- [WHAT THE EXERCISE ASKS]: Find the line with "Стенка c подвижным" in the entries below. Repeat it, every following line, and the line with "자원봉사자들은 태풍으로 인한", exactly and with nothing added.
RECORDS TO USE: Begin
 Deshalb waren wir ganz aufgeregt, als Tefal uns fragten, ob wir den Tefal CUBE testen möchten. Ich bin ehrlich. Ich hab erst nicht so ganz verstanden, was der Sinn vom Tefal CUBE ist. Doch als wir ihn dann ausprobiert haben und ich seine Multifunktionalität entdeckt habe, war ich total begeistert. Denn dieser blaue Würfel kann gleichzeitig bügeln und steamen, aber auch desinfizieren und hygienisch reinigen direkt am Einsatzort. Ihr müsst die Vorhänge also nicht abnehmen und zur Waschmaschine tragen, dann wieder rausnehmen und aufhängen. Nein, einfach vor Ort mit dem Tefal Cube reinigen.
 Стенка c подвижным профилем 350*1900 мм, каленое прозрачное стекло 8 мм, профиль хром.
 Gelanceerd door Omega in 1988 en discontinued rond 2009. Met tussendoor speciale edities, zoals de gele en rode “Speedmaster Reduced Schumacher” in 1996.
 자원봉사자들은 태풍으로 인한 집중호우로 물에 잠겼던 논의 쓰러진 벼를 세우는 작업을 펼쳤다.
RECORDS TO USE: End
RECORDS TO USE: Begin
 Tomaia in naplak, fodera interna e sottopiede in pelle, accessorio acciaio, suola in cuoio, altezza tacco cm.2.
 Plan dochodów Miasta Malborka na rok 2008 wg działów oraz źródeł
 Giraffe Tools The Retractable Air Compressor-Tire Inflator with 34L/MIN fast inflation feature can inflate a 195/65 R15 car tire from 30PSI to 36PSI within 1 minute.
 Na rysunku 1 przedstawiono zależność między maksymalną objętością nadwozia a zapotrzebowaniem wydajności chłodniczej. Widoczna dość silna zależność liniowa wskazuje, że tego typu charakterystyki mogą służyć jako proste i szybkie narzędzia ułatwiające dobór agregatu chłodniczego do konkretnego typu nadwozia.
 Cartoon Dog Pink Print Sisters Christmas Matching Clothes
RECORDS TO USE: End
RECORDS TO USE: Begin
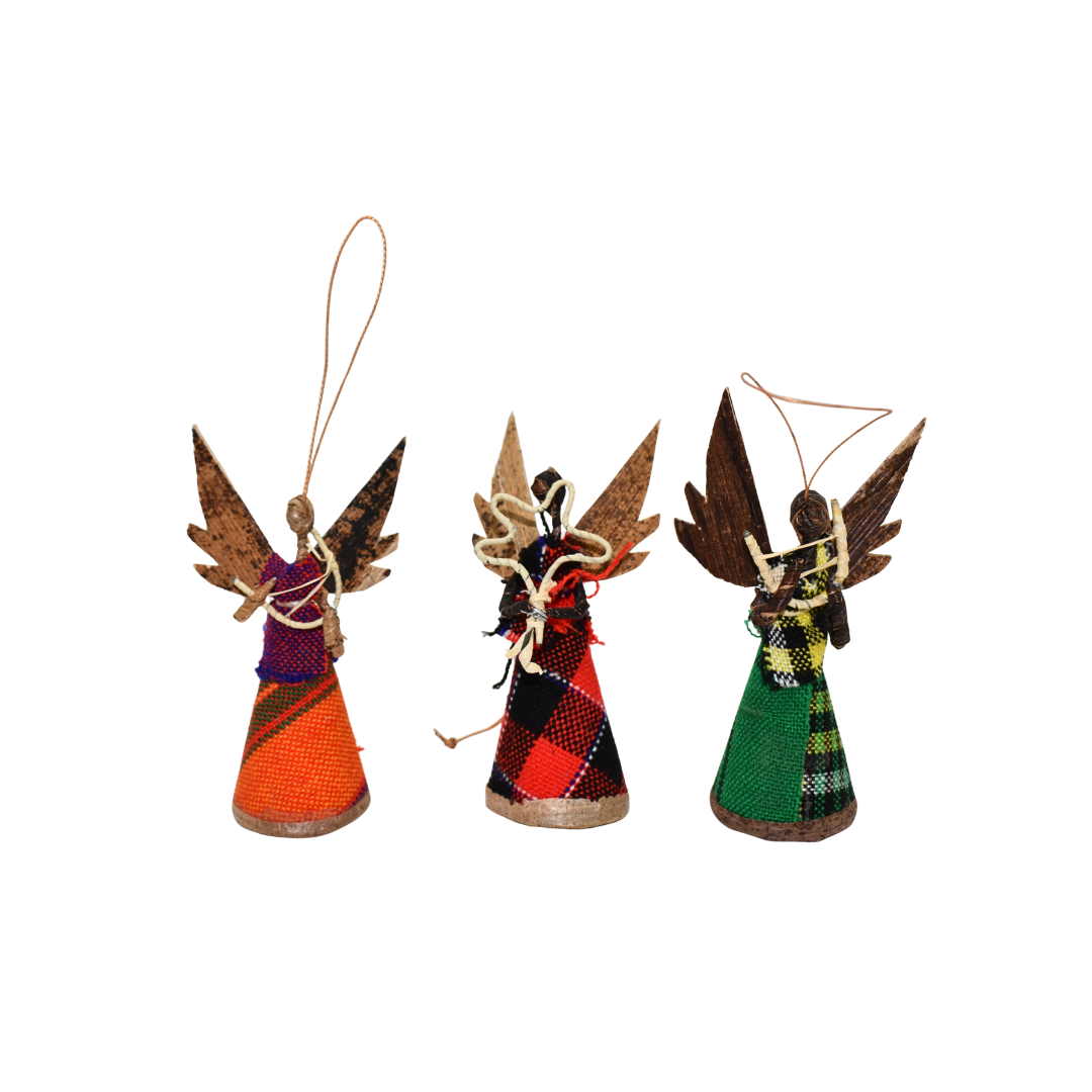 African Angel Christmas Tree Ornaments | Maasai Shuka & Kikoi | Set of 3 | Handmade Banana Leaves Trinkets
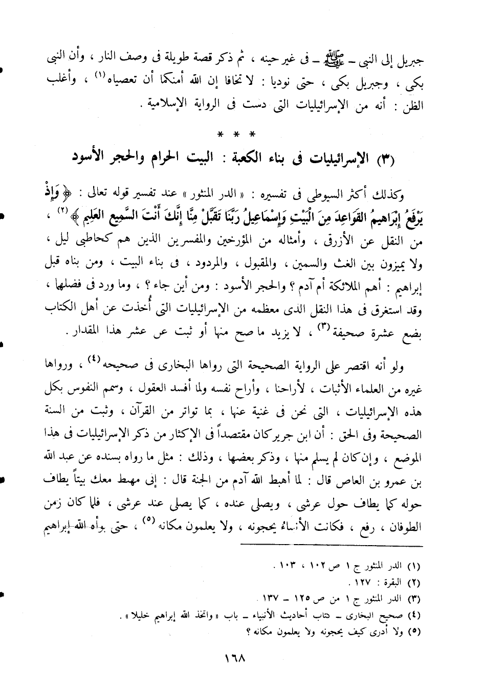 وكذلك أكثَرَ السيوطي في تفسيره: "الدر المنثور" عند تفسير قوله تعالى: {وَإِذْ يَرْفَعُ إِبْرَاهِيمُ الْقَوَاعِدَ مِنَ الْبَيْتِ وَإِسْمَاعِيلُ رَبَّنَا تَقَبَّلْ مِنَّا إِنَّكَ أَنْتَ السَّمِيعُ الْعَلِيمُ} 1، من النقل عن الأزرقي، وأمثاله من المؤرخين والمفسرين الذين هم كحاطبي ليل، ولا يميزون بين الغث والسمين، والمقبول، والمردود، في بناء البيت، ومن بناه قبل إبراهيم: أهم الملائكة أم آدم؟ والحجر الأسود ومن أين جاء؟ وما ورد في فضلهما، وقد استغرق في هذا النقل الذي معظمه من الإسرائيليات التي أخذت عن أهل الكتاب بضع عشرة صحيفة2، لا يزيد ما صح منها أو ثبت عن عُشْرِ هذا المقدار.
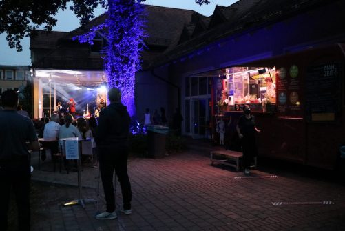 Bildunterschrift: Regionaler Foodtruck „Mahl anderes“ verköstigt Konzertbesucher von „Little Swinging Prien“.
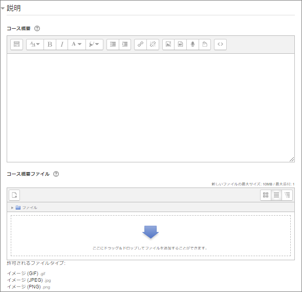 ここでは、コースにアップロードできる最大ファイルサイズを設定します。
RECORDS TO USE: End
- [TASK RESPONSE]:
 Стенка c подвижным профилем 350*1900 мм, каленое прозрачное стекло 8 мм, профиль хром.
 Gelanceerd door Omega in 1988 en discontinued rond 2009. Met tussendoor speciale edities, zoals de gele en rode “Speedmaster Reduced Schumacher” in 1996.
 자원봉사자들은 태풍으로 인한 집중호우로 물에 잠겼던 논의 쓰러진 벼를 세우는 작업을 펼쳤다.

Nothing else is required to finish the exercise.